Coffee and hazelnut cupcakes with cream cheese icing
Prep time: 20 mins Baking time: 20 mins Makes 12 120g butter 120g caster sugar 2 eggs 1 tsp coffee essence 25ml brewed instant coffee* 150g plain flour 1 tsp baking powder 100g hazelnuts, chopped 12 fresh blueberries White chocolate shards, to serve
FOR THE ICING 100g cream cheese, softened 200g icing sugar 2 tsp coffee powder
1 Preheat the oven to 170⁰C and line a 12-cup muffin tin with cases. In a large mixing bowl, beat together butter and sugar until creamy and fluffy.
2 Beat the eggs with the coffee essence and pour the mixture into the butter and sugar, mixing thoroughly until well combined.

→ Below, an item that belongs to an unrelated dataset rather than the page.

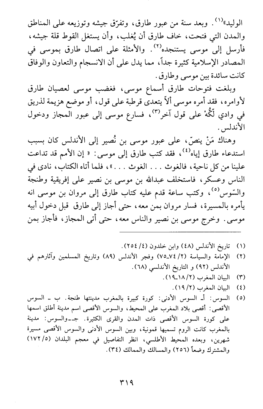 الوليد" (1). وبعد سنة من عبور طارق، وتفرّق جيشه وتوزيعه على المناطق والمدن التي فتحت، خاف طارق أن يُغلب، وأن يستغل القوط قلة جيشه، فأرسل إلى موسى يستنجده (2). والأمثلة على اتصال طارق بموسى في المصادر الإسلامية كثيرة جداً، مما يدل على أن الانسجام والتعاون والوفاق كانت سائدة بين موسى وطارق.
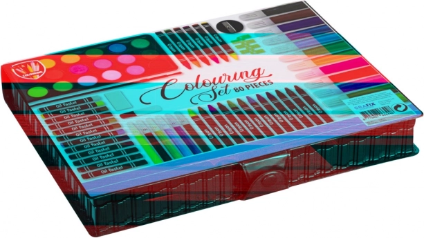 Všechny výtvarné potřeby jsou organizovány v praktickém a snadno přenosném boxu.

3 Add the coffee, flour, baking powder and hazelnuts and mix well. Divide the mixture equally into the cases and bake for 20 mins or until a skewer inserted in the centre of a cake comes out clean. Leave to cool in the tin for 10 mins, then transfer to a wire rack.
4 Meanwhile, to make the icing, fold together cream cheese, icing sugar and coffee powder. Swirl on top of each cupcake and top with blueberries and white chocolate shards. * To make coffee, dissolve about 1 tsp of instant coffee in 1 cup of boiling water. This recipe uses only 25ml so discard the rest – or drink it!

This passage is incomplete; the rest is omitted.